ART4 is not intended as a safe bet, but to encourage creative thinking – and, of course, there is a public relations spin-off. Art programmes are often installed when a company moves into new offices or is rebranding. It sells the idea of benevolent patronage, and also that management is a bit ‘visionary’.

Some might question whether art in the workplace matters to the shop floor, but it seems that employees are keen. On-line print and photography dealer Inside Space polled employees and found that 98 per cent wanted some form of art at their place of work. And a survey carried out earlier this year by ICM and Arts and Business – a company that aims to encourage interaction between private companies and the arts – found that 73 per cent of employees wanted more art in their workplace, claiming it made them feel more ‘motivated’ and ‘inspired’.

This is vital to John Bevan, a design consultant with GMW Architects, who works with existing company art collections. ‘Art shouldn’t be confined to the executive suite,’ he says. ‘One of the great things is the way art encourages interaction and creativity.’ The demand for integrated artworks is such that a company called Offthewall has started producing space dividers for open-plan workplaces that are limited-edition prints on mesh by British contemporary artists, including Duggie Fields.

‘The corporate art collection has moved on,’ says A&B’s Sigrid Williams. ‘It once meant oil paintings in the boardroom.

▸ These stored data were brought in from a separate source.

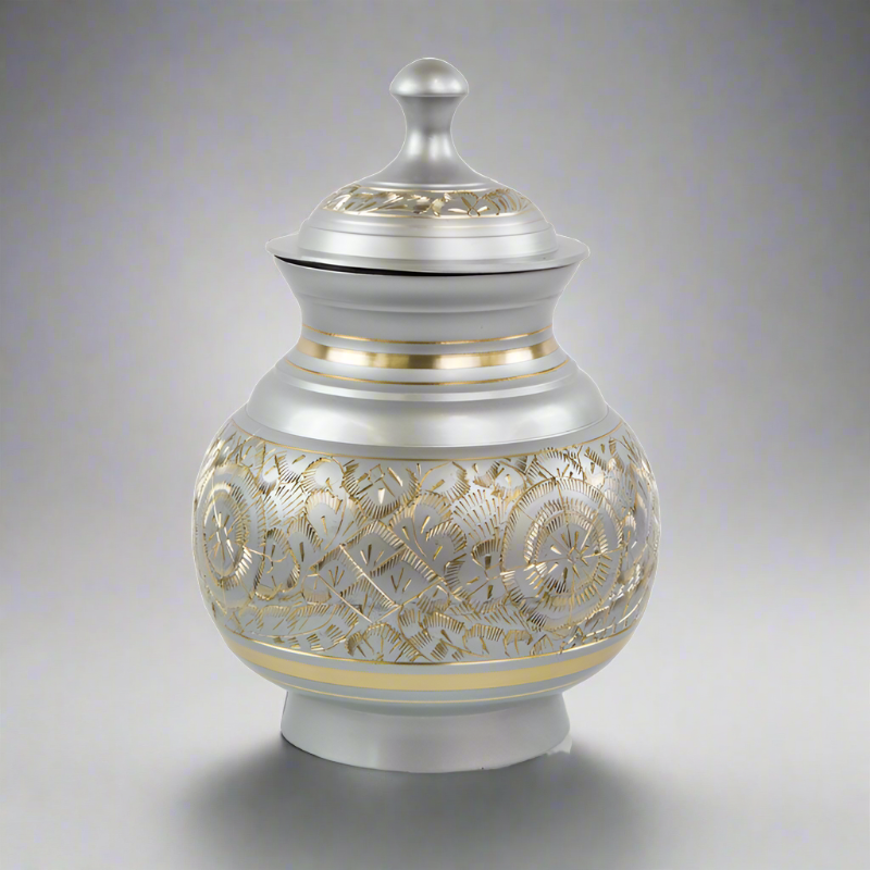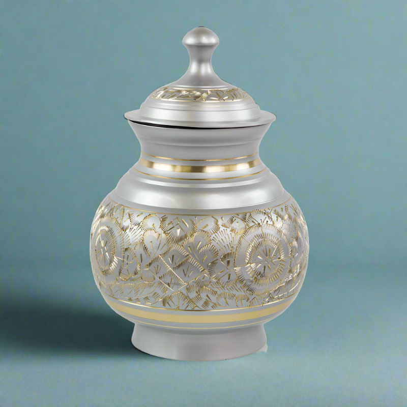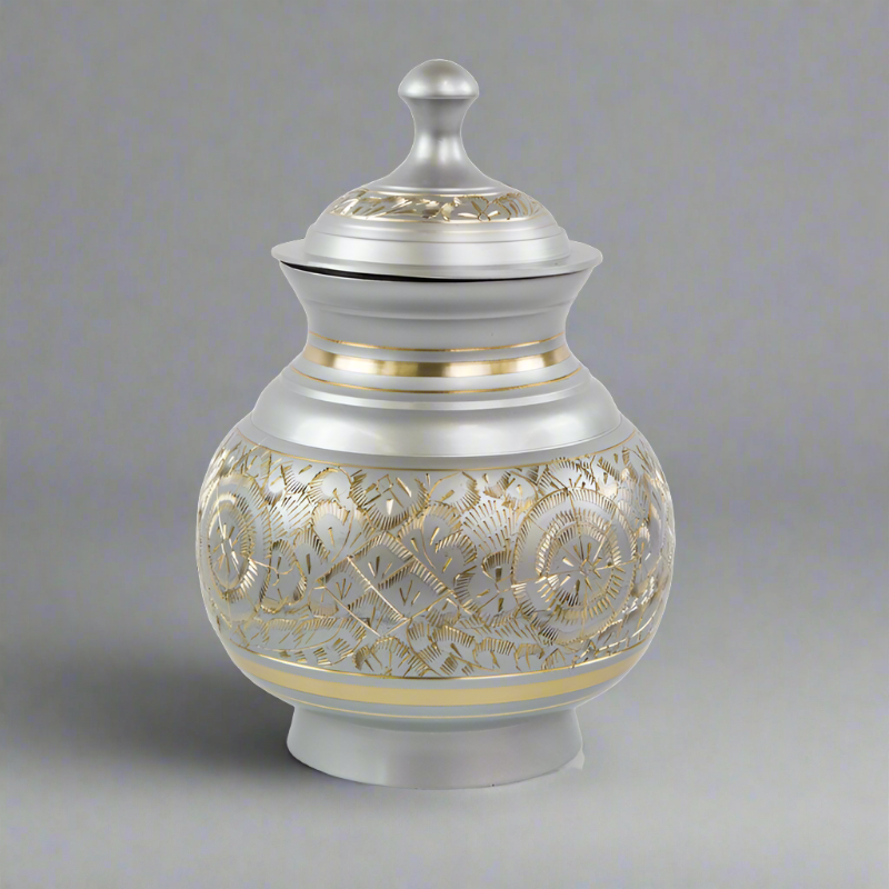 The Timeless Pewter Pet Cremation Urn in Medium is stunning in its rich gold-and-pewter-colored etchings. Crafted by a fine metal artisan, these pleasingly shaped urns for pets will keep memories close at hand. Be it an affectionate kitty, lovable mutt, or pedigreed show dog, all gave unconditional love all the days and nights of their lives.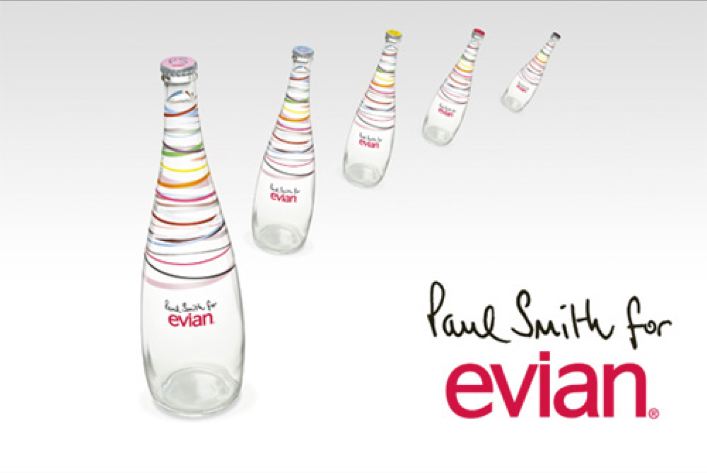 Dopo Christian Lacroix nel 2008 e Jean Paul Gaultier nel 2009 (www.evianjeanpaulgaultier.com) ora la bottiglia Evian si veste di nuovi colori scegliendo il marchio Paul Smith.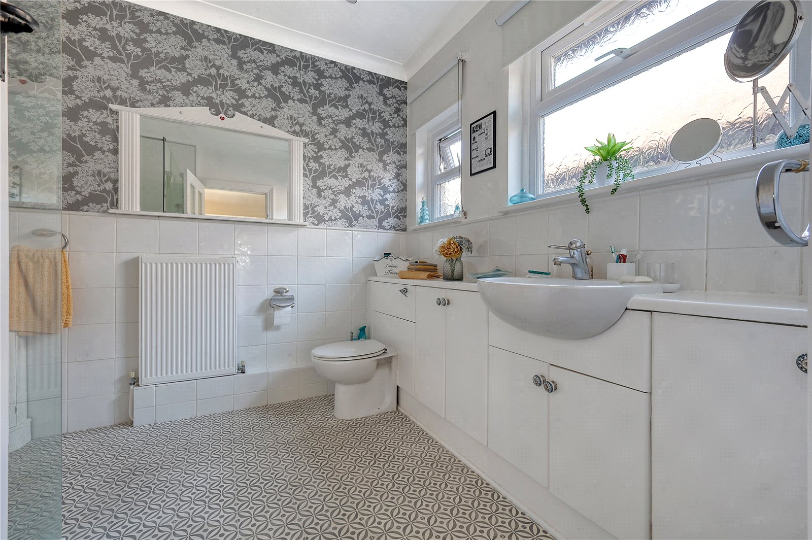 Spacious shower room fitted with a modern white suite comprising walk-in double shower cubicle. Vanity bar with wash basin and mixer tap, cupboards below. Concealed flush WC. Part tiled walls. Tiled effect flooring. Radiator. Coved ceiling with recessed lighting. Shaver point. Two double glazed windows to side.
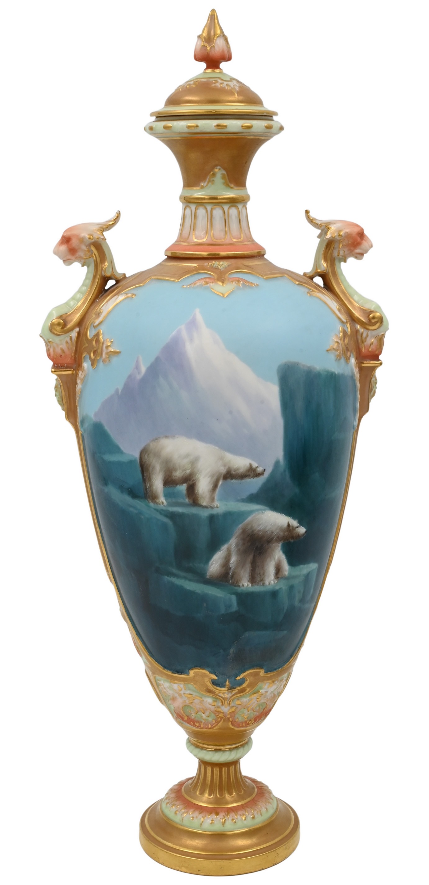 having a continuous icelandic scene with two polar bears, two peach and gilt colored griffin handles, having flame finial on lid, signed lower left “H. Davis”, purple Worcester mark on base, model number 240989, marked 1764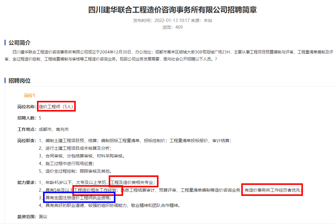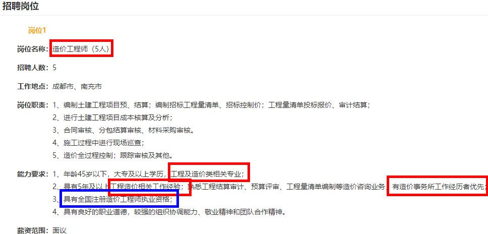 崗位名稱:造價(jià)工程師(5人)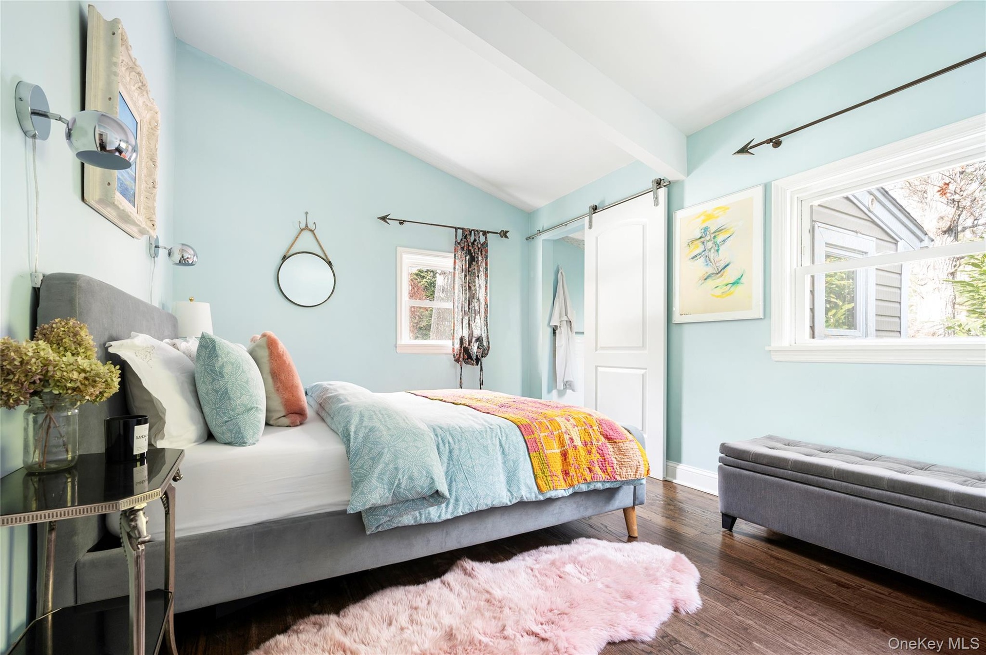 Just off the main hall, the spacious primary suite features high ceilings, generous windows, a walk-in closet, and a private en-suite bath - a calm retreat tucked away from the home’s main living areas.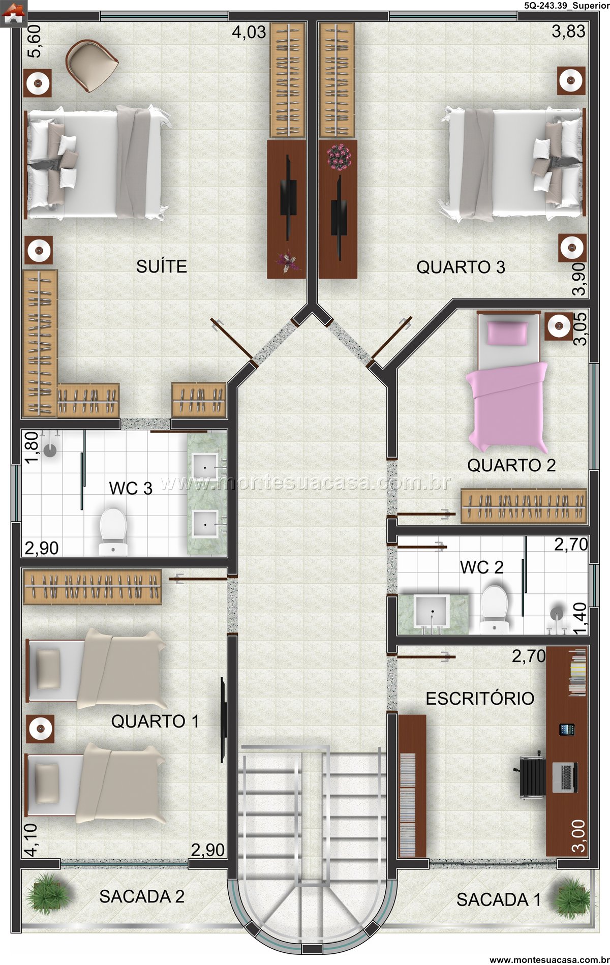 O pavimento superior, com 101.21 m², é dedicado ao descanso e à privacidade. Ele abriga cinco quartos, garantindo espaço para todos. A suíte master oferece um refúgio privativo, enquanto os outros quartos compartilham banheiros bem distribuídos. Um escritório no andar superior proporciona um ambiente silencioso para trabalho ou estudos, assegurando produtividade sem sair de casa.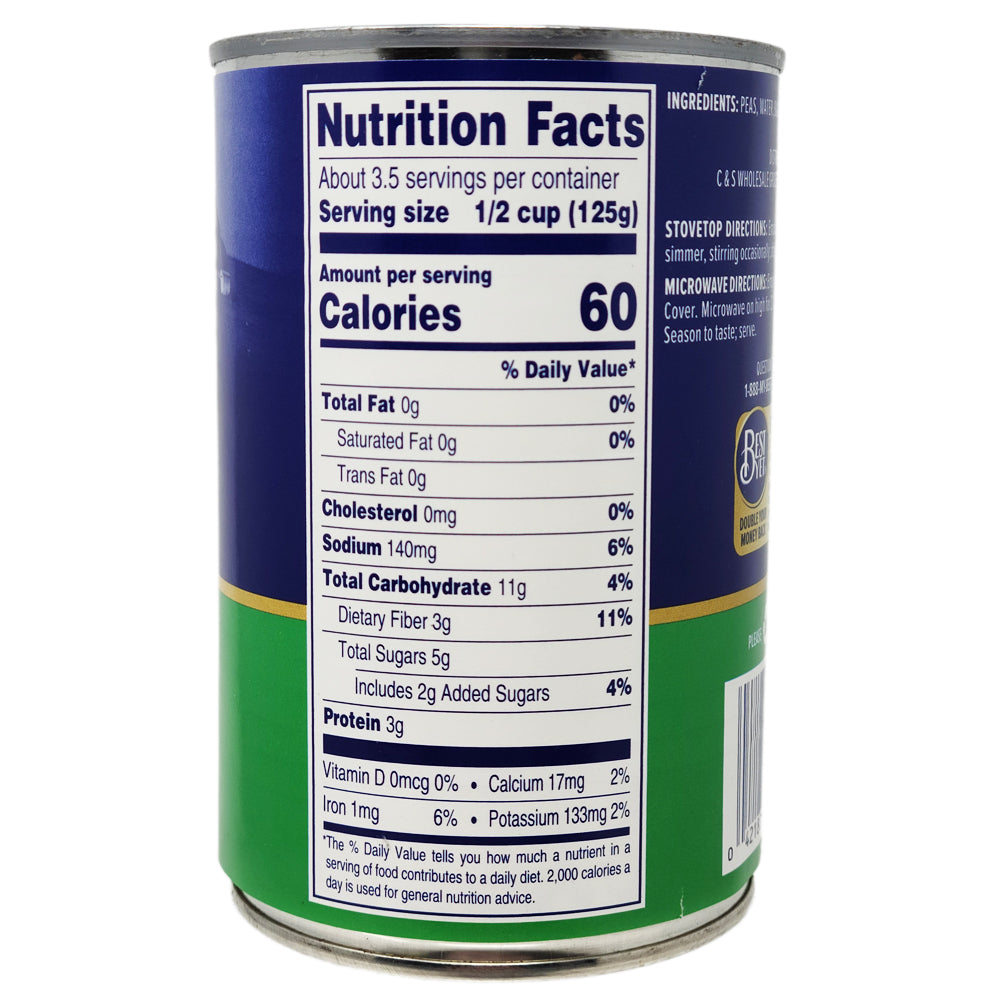 Ingredients: Peas, Water, Sugar, Salt.
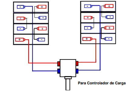 Instalação em 48 Vcc com oito módulos fotovoltaicos de 48 Vcc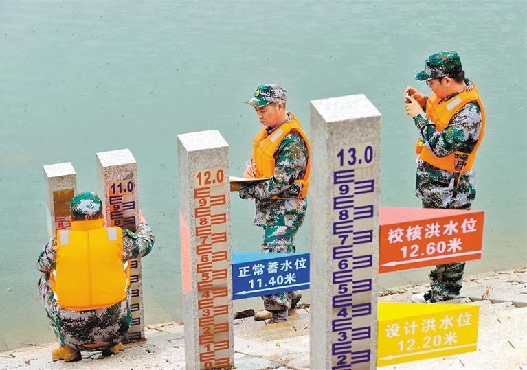 6月19日,在浙江省德清縣楊墳塢水庫水位標(biāo)尺處,工作人員在開展防汛安全隱患排查。謝尚國 攝(中經(jīng)視覺)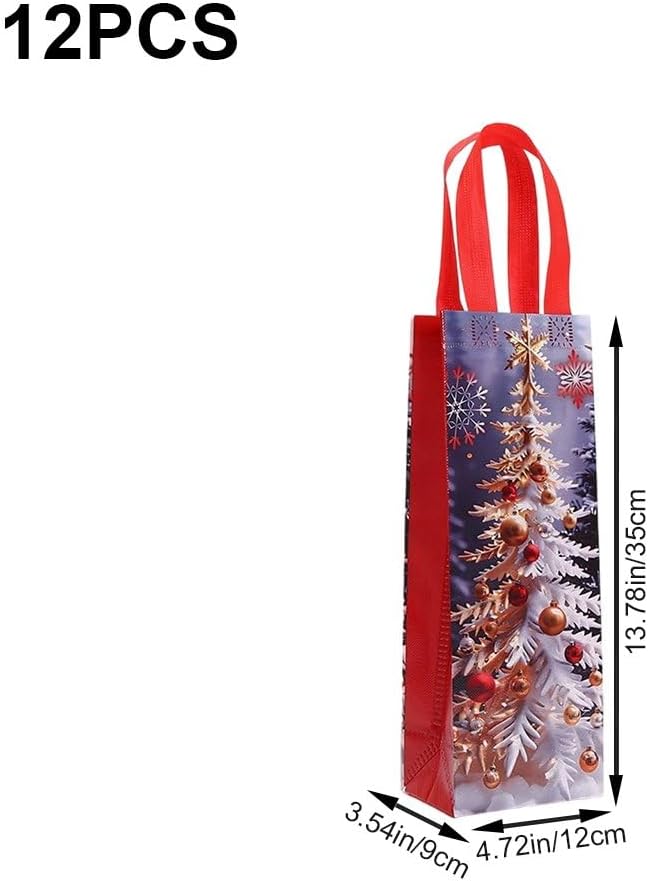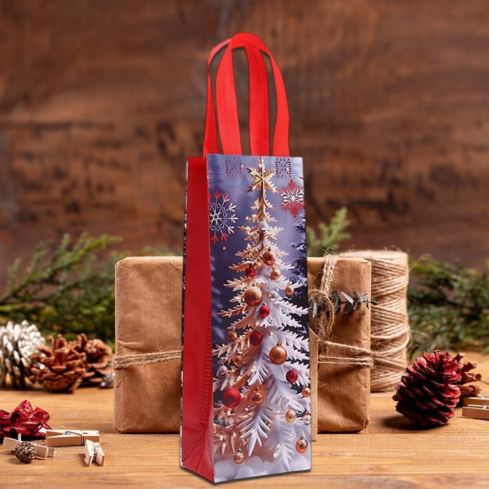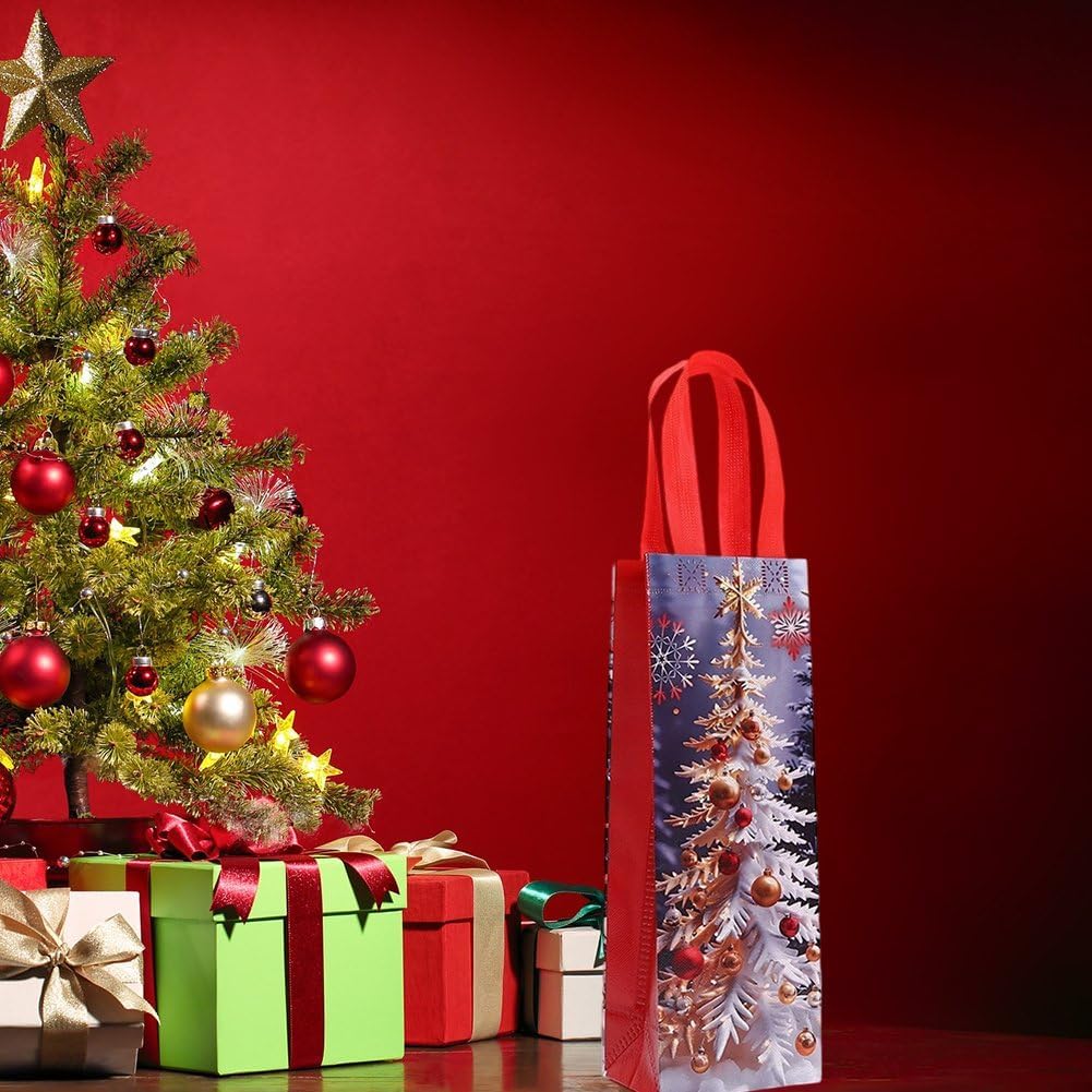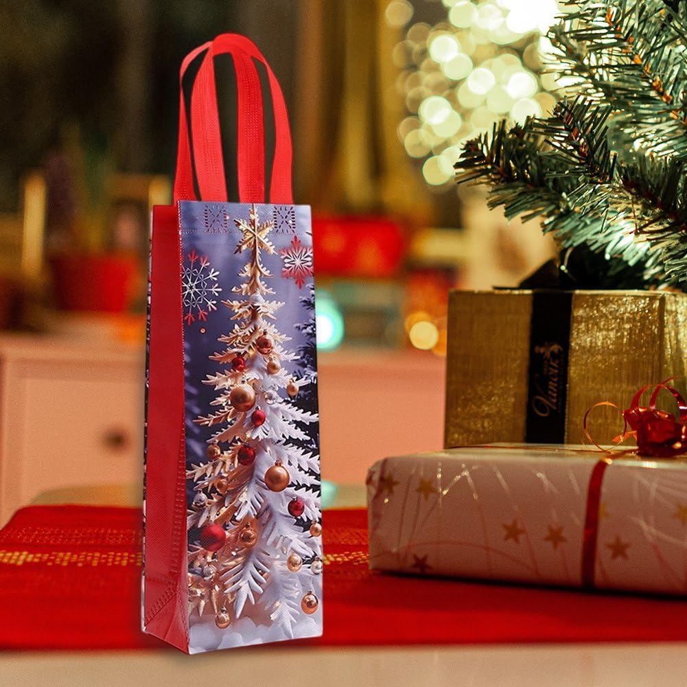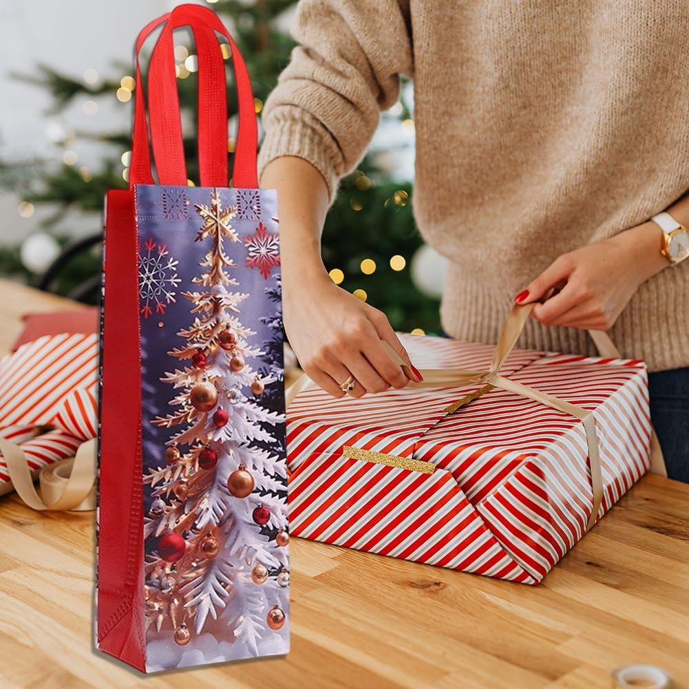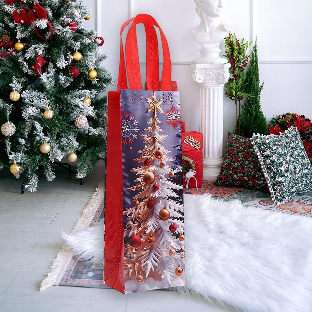 Design di stampa natalizia festiva: vivaci stampe a tema natalizio completano l'estetica natalizia. Dona un allegro tocco stagionale ai regali di vino, ideale per feste, riunioni di famiglia o scambi di regali di Natale. Comodo per le feste: leggero e facile da trasportare, il che lo rende ideale per portare vino a feste, cene o incontri con gli amici. Riutilizzabile: gli interni spaziosi si adattano alla maggior parte delle dimensioni standard delle bottiglie di vino. Il design aperto sulla parte superiore facilita l'inserimento o la rimozione di oggetti. REGALO DI VINO VERSATILE: appositamente progettato per bottiglie di vino, ma funziona anche come regalo versatile per piccoli articoli per le vacanze. MATERIALE NON TESSUTO PER DURATA: Realizzato in tessuto non tessuto di alta qualità, resistente agli strappi, leggero e abbastanza robusto da contenere bottiglie di vino standard.

Now, businesses are intent on a creative workforce and we’re seeing installation and performance work that is much more engaged.’ The artworks may even help shape the organisation and help it evolve.

‘Art is even being integrated into company working structures,’ adds Williams. ‘Ogilvy & Mather and Lever Fabergé, for instance, bring artists into their workspaces in order to stimulate creativity and influence working practice.’

The ‘number one home and personal care provider in the UK’ – also the largest commissioner of posters – Lever Fabergé began a collection of contemporary art in 2000 and now has an ‘in-house creativity programme’ called Catalyst. ‘With Catalyst we bring art into the office to assist our own working practice,’ says Catalyst assistant producer Katherine Mellor.

‘We involve staff in every aspect of the collection and we invite comments, which we post next to the artwork. It stimulates the staff, and their critical skills. They all need to be able to articulate visual imagery, as it feeds into their work and gives insight into how our consumers might think,’ she says.

Even closer to the creative coalface is a recent initiative by Catalyst whereby ten artists have been commissioned to make works of art based around Lever Fabergé’s brands and then work alongside the marketing team. A recipe for disaster? ‘Could be,’ says Mellor. ‘It’s a risk. Artists show us things in different ways, and that might cause tension.’

One of the key companies in the sector is International Art Consultants/ Art For Offices, which started in 1979. ‘Art is a demonstration of the importance of the workplace,’ says its co-founder Andrew Hutchinson. ‘It definitely keeps people stimulated. We did a survey of employees in 150 companies with collections and found that the art contributed to a healthy working environment. I’m certain there are positive effects on creativity, however subliminal.’

He says that, as with Channel 4, the placing of art in offices is now becoming integrated into a sophisticated process that includes branding – interestingly, art-purchasing programmes are increasingly coming from companies’ marketing budgets.

‘We’re completing a commission for Vodafone in Newbury, in which an artist, Diane Edmonds, has made a Perspex piece in Vodafone red and in the shape of a speech mark, with a second speech mark in a lake,’ says Hutchinson. ‘It expresses the company’s quality of “connectivity”, and anyone visiting will know they’ve arrived at the right place when they see the sculpture, rather than a sign.’

It’s a long way from Jensen’s landscapes in the factory canteen, and an extremely sophisticated use of visual language. But with the integrated approach, the question will increasingly arise: can the art serve the office, or the office serve the art?